Goal of the exercise —
In the data below, begin at the line with "이스케이프프롬 하프 슈거 풀 카오스 프린트 오버핏 반팔티 브라운" and stop after the line with "The jug painted"; output those lines exactly and no pictures.

Data supplied —
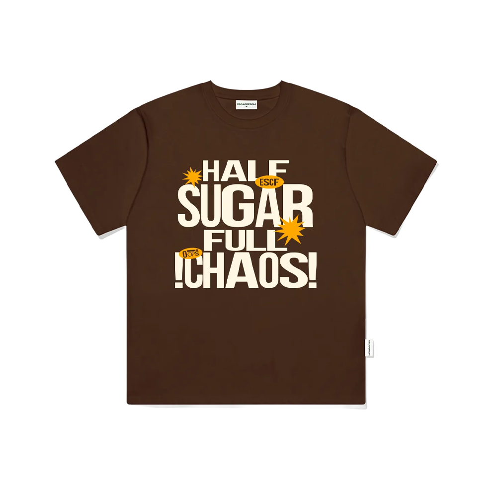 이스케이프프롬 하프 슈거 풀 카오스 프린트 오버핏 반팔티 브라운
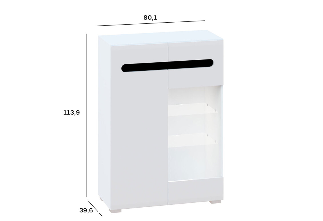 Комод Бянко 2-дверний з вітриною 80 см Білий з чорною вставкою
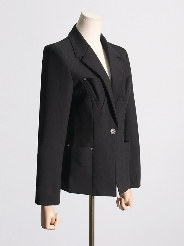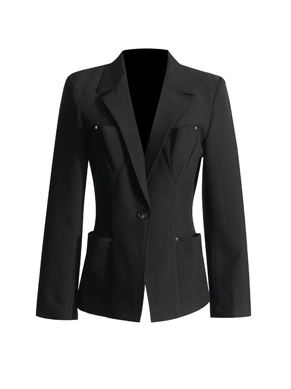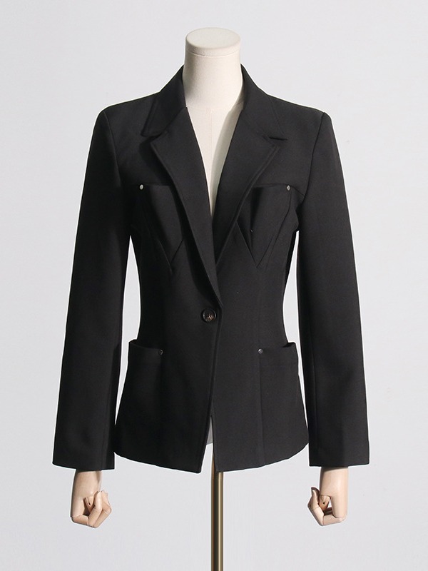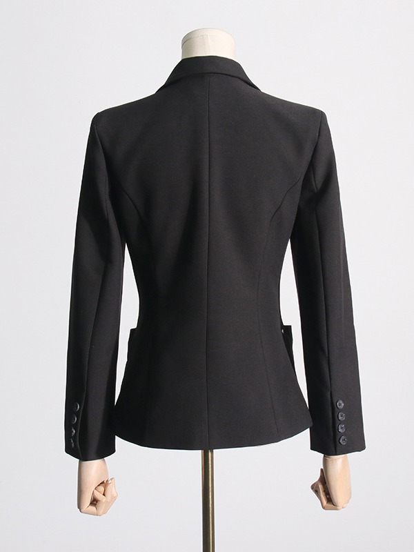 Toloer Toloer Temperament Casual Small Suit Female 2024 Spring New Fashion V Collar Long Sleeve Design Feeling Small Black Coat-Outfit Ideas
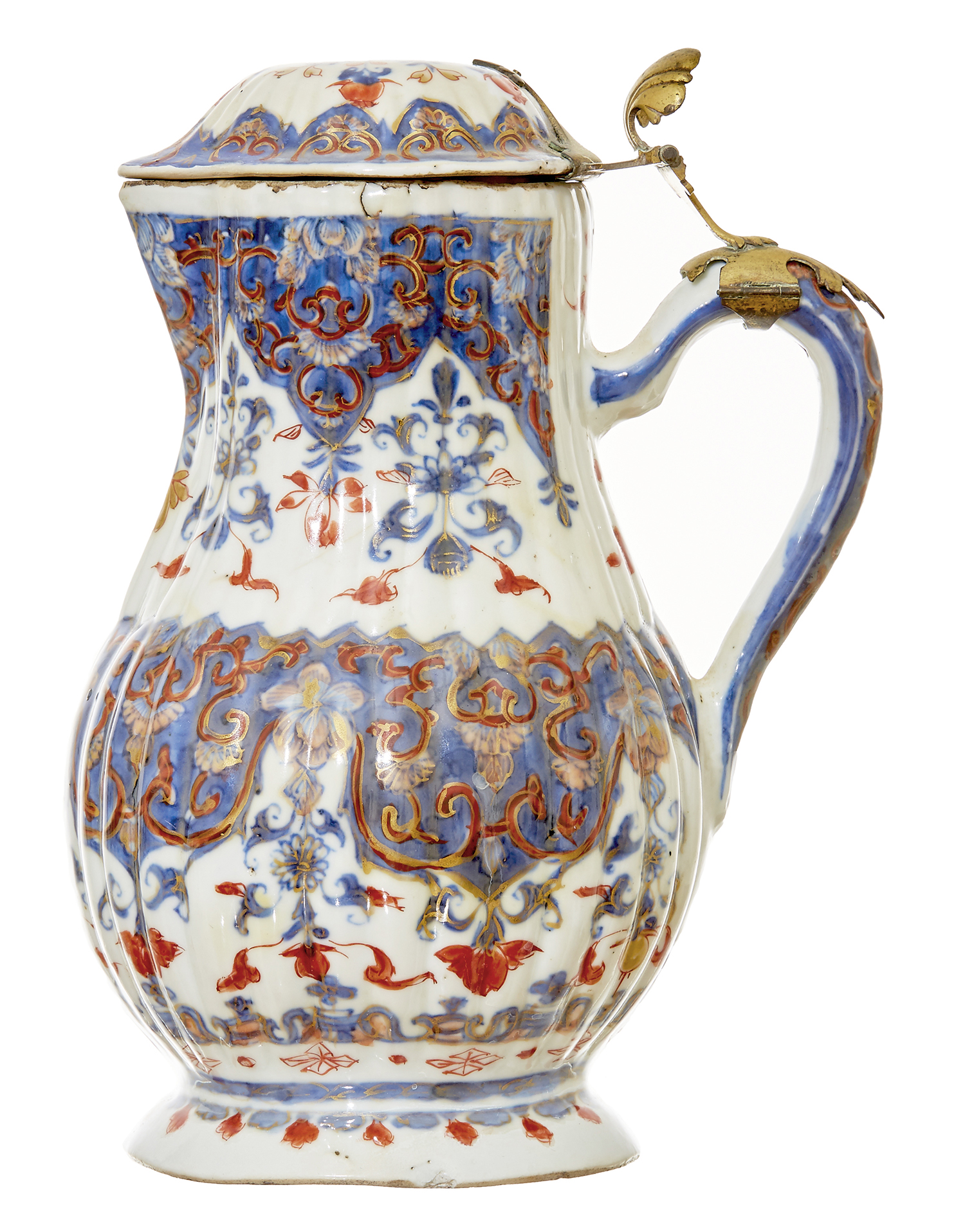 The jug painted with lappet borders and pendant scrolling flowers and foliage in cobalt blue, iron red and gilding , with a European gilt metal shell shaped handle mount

--

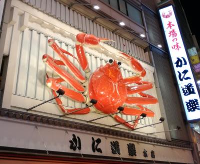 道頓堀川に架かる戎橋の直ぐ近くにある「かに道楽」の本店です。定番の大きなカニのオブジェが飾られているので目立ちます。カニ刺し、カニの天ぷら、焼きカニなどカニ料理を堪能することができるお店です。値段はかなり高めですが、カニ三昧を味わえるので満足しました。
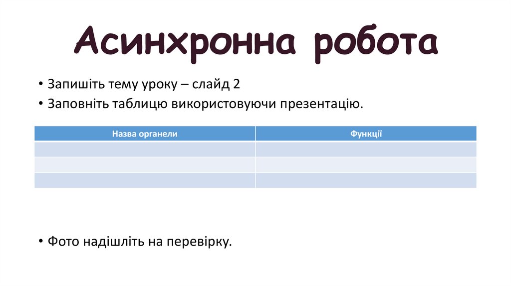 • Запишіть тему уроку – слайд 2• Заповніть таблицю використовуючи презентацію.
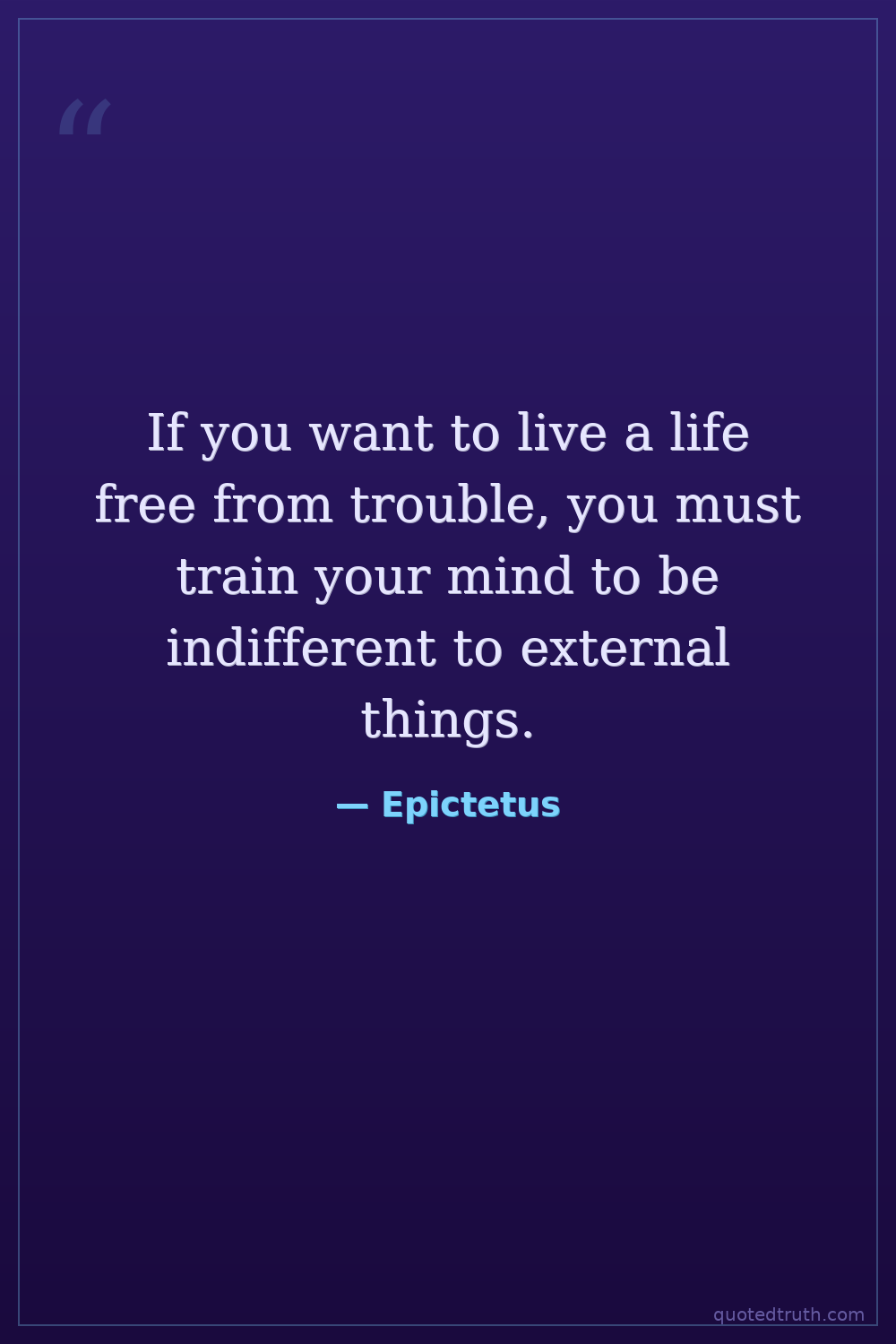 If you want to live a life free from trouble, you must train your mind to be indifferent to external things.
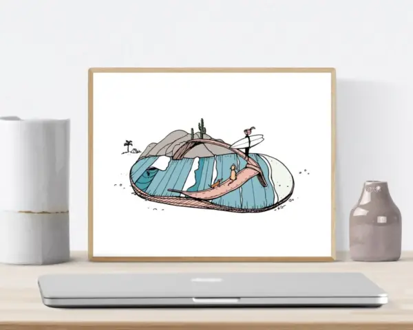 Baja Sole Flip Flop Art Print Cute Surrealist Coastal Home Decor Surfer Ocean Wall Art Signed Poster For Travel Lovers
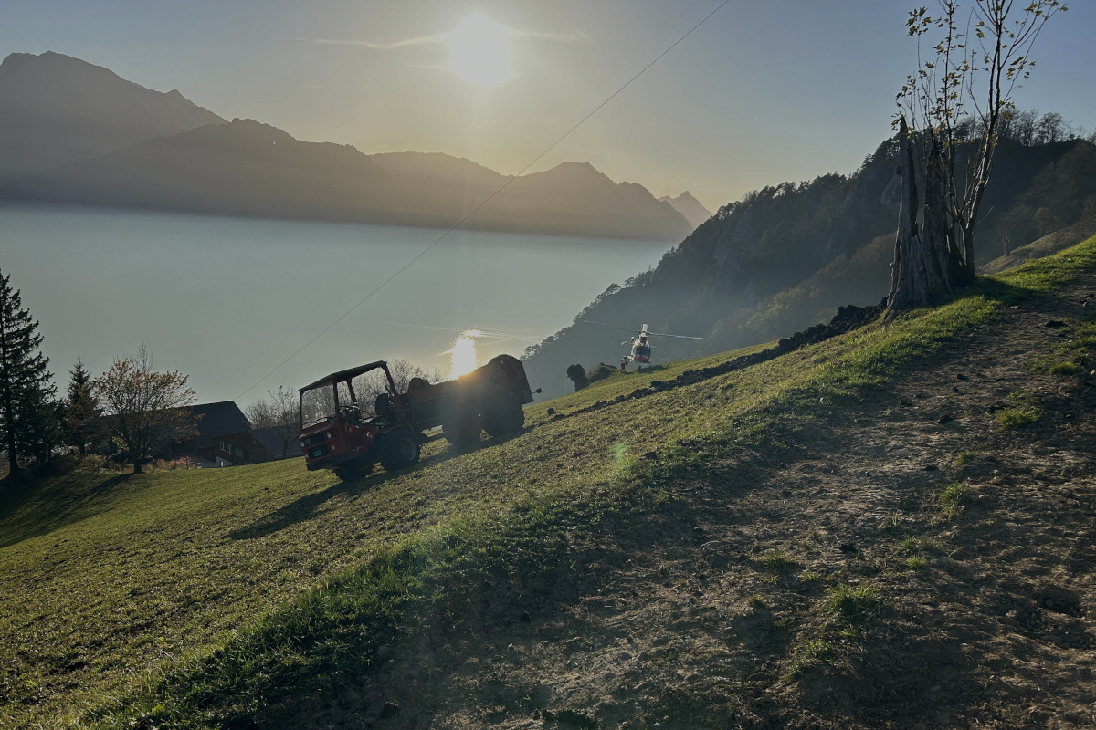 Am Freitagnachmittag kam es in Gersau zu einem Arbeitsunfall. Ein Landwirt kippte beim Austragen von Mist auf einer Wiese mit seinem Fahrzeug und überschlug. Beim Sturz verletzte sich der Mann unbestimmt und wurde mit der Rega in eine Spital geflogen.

Exercise solution —
 이스케이프프롬 하프 슈거 풀 카오스 프린트 오버핏 반팔티 브라운
 Комод Бянко 2-дверний з вітриною 80 см Білий з чорною вставкою
 Toloer Toloer Temperament Casual Small Suit Female 2024 Spring New Fashion V Collar Long Sleeve Design Feeling Small Black Coat-Outfit Ideas
 The jug painted with lappet borders and pendant scrolling flowers and foliage in cobalt blue, iron red and gilding , with a European gilt metal shell shaped handle mount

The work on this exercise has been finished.